Abstract
Nowadays, Internet of Things (IoT) search engines are more and more popular for users to explore devices on the Internet. Table-to-text generation of devices is helpful for users to understand search results from IoT search engines. However, it has yet to be available, and difficult to obtain a good text description of the devices because of lacking quality data for this task. Also, the content is hidden in multiple attributes of the devices, and it takes work to mine them well and directly. Thus, this paper introduces ip2text, a challenging dataset for reasoning-aware table-to-text generation of devices on the Internet. The input data in ip2text are tables, which contain many attributes of devices collected from the Internet.

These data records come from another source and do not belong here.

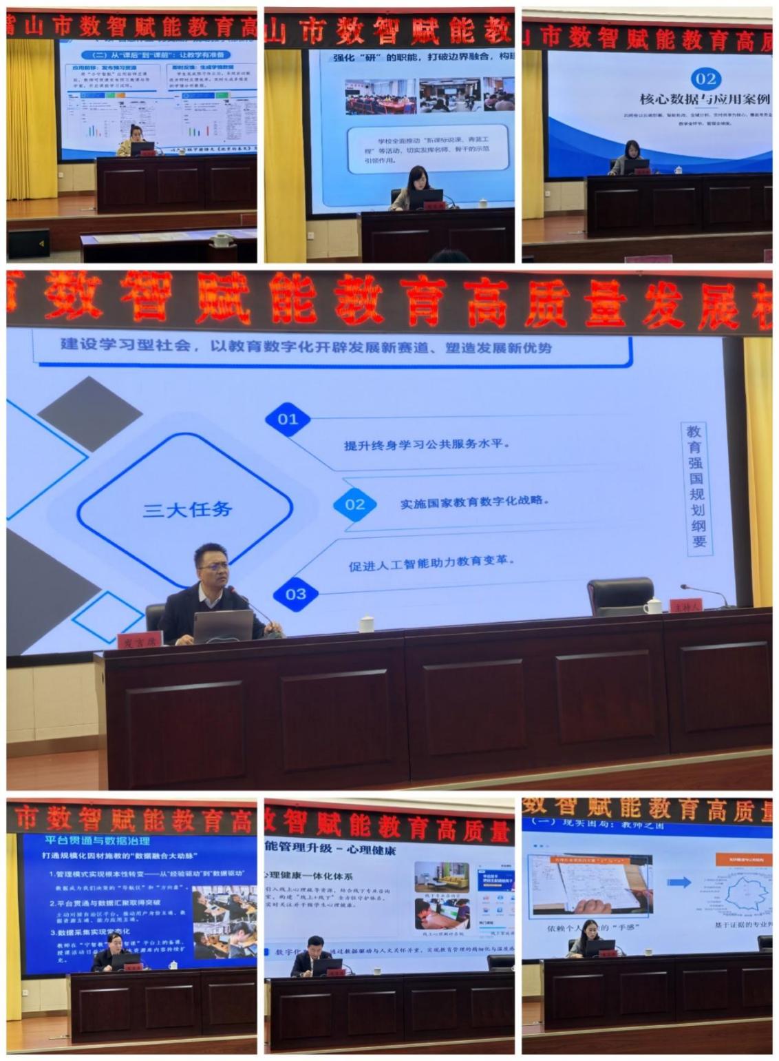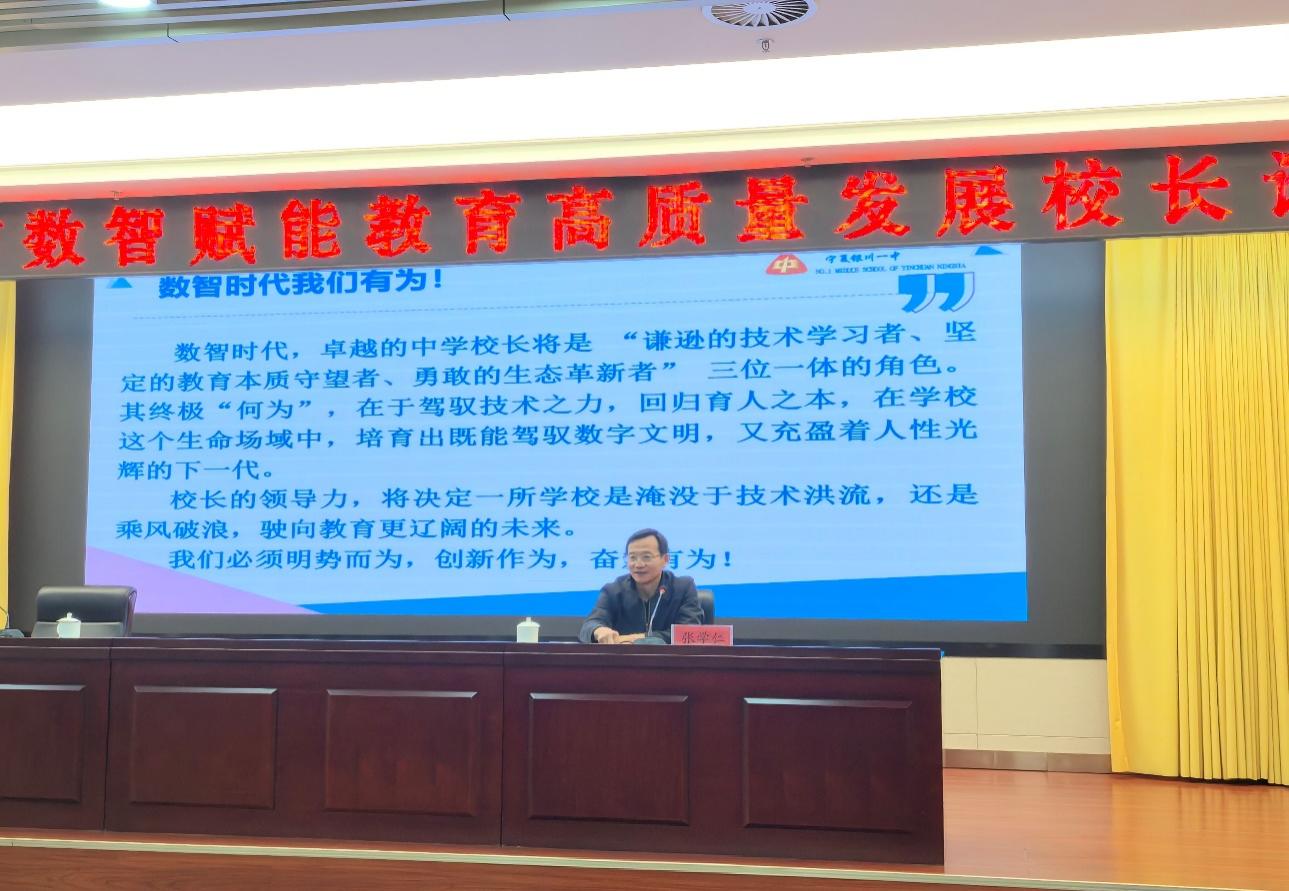 在石嘴山市行政中心举办的张永宏校长工作室第四次论坛交流研讨环节,来自石嘴山惠农小学校长马淑敏、银川阅海小学朱美燕校长、石嘴山八中于颖校长、平罗三中教育集团杨会平校长、银川十五中解玮书记、石嘴山三中张振华校长、银川一中潘雄武副校长依次登台,围绕“数智赋能教育高质量发展”核心主题作专题交流发言。各位发言嘉宾立足自身办学实践,紧扣国家教育数字化战略要求,从数智化课堂教学提质、教育数据治理与平台贯通、心理健康数字化服务、数智家校协同管理升级等多个维度,分享了数字技术与教育教学、校园管理深度融合的落地成果、实践经验与探索思考,内容兼具实操性与前瞻性。其中,潘雄武校长聚焦学习型校园建设作深度分享,系统介绍了学校以数智化手段赋能校园全场景管理的实践路径,通过升级数字化家校管理体系、优化教学教研数字化工具、完善校园全流程数智化服务,助力学习型社会建设,为与会同仁提供了可借鉴的数智化办学范本。
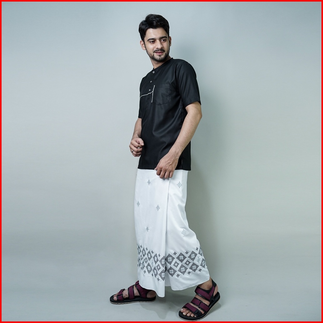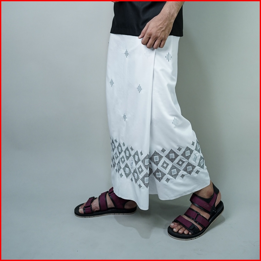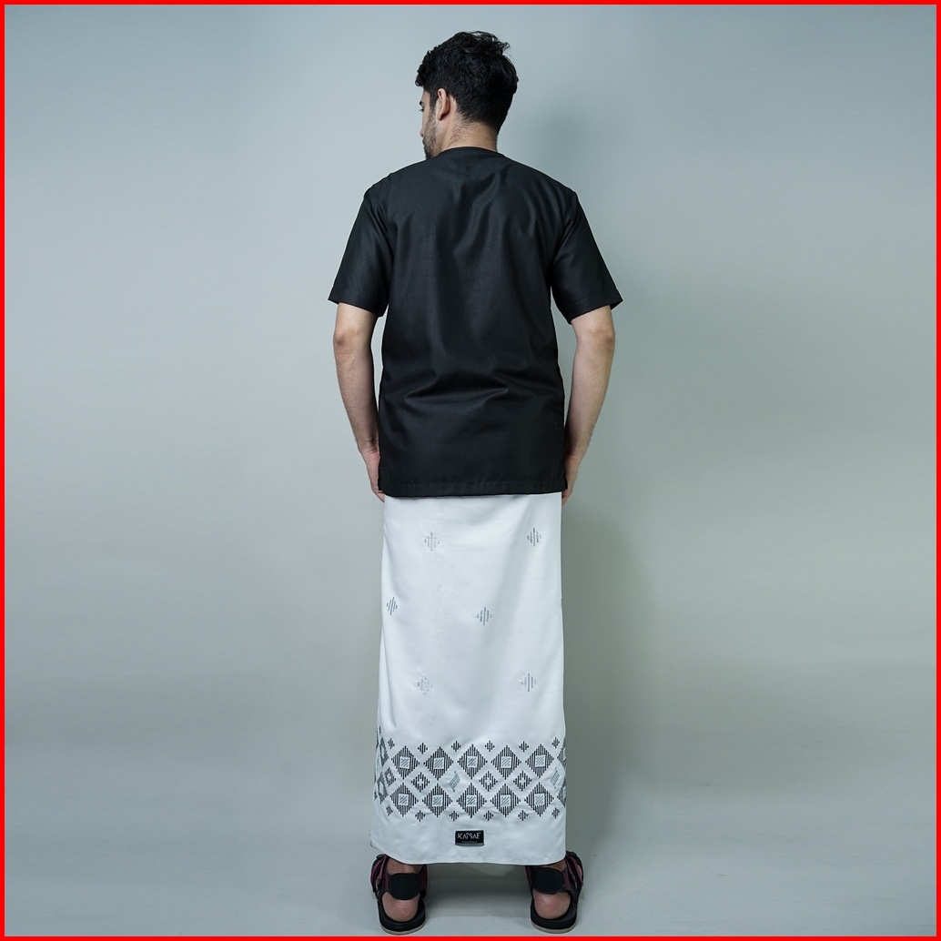Katsae - Sarung Bordir Motif Sunan Bordir Timbul Sarung Pria Dewasa Warna Putih Sarung Sholat 100 Bordir
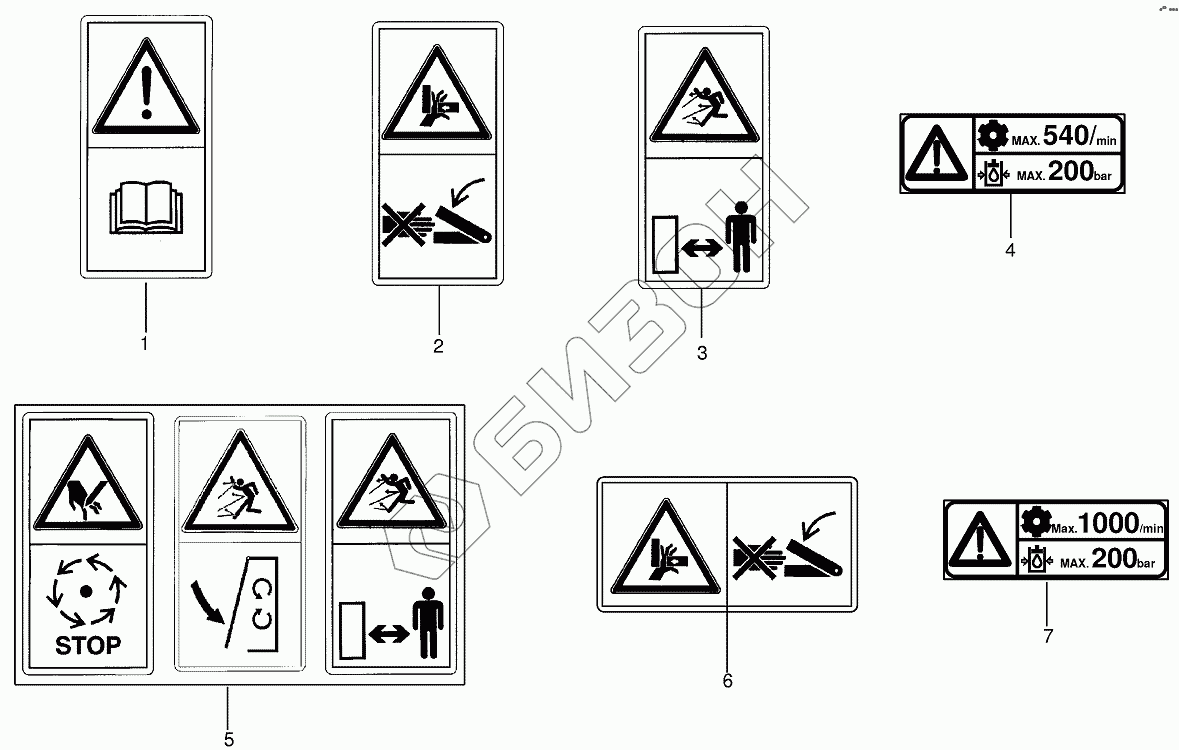 Графический каталог запасных частей к технике: KRONE EC280/320. Warning signs
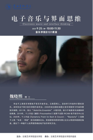 9月25日10:00,作曲系魏晓熙博士以《电子音乐与界面思维》为主题在pg娱乐电子游戏官网入口B101教室开展了讲座。讲座从常规表演体制中归纳界面特性,提出用界面思维制作电子音乐。
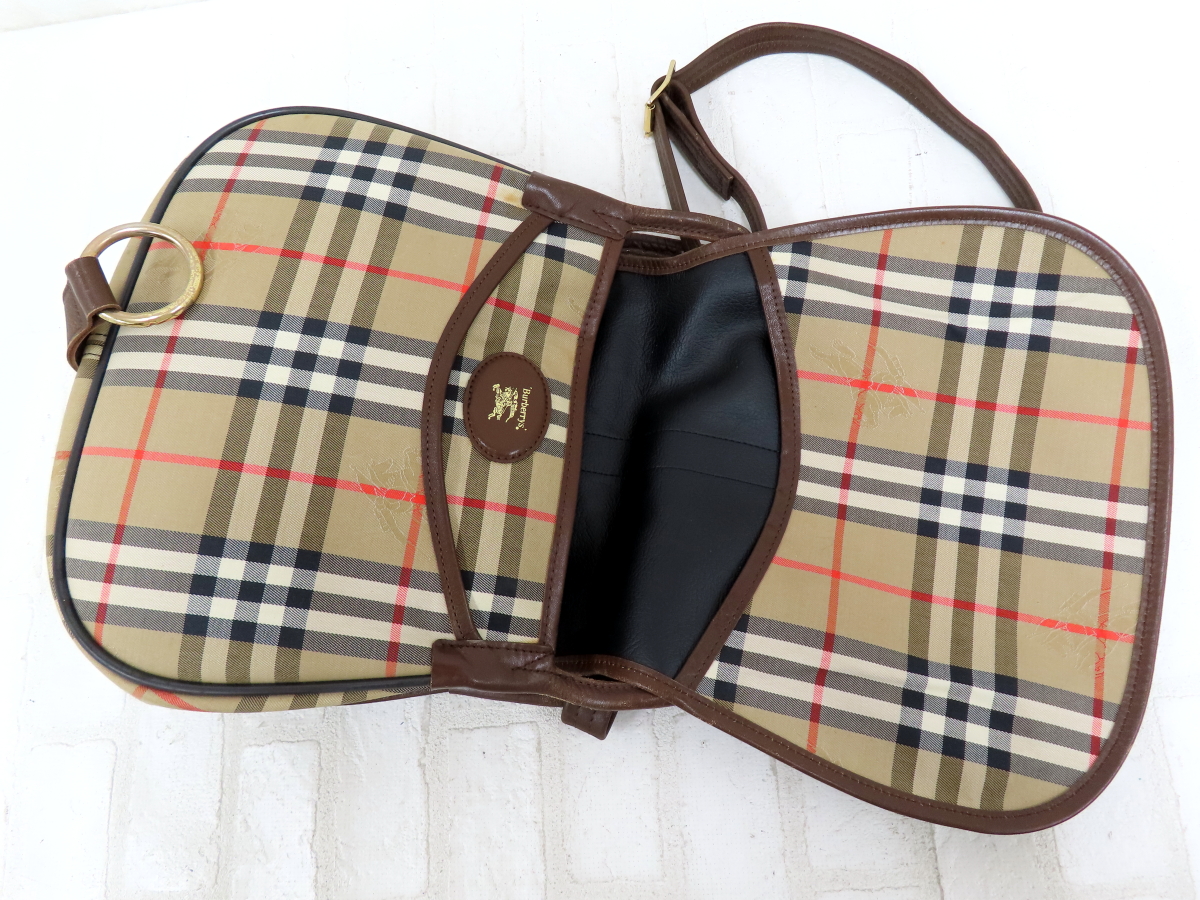 ◆BURBERRY バーバリー◆ノバチェック◆ナイロン カーフ レザー 本革◆ショルダー バッグ◆ベージュ ブラウン ゴールド金具◆A15854 收藏

And the output data is their corresponding descriptions. Generating descriptions of devices is costly, time-consuming, and does not scale to Internet data. To tackle this problem, this paper designs an annotation method based on active learning according to the characteristics of devices and studies the performance of existing and typical state-of-the-art models for table-to-text generation on ip2text. The automatic evaluation shows that existing pre-trained baselines could be challenging to perform satisfactorily on ip2text, with BLEU almost all less than 1. Further, the human evaluation shows that BART and T5 are prone to produce hallucinations when reasoning, and results show that Hallucination is more than 0.10. Therefore, it is not easy to achieve satisfactory performance using the existing and mainstream seq2seq models based on the reasoning-aware ip2text. So, continuous improvement is urgently needed for the models and datasets for the table-to-text generation of devices on the Internet.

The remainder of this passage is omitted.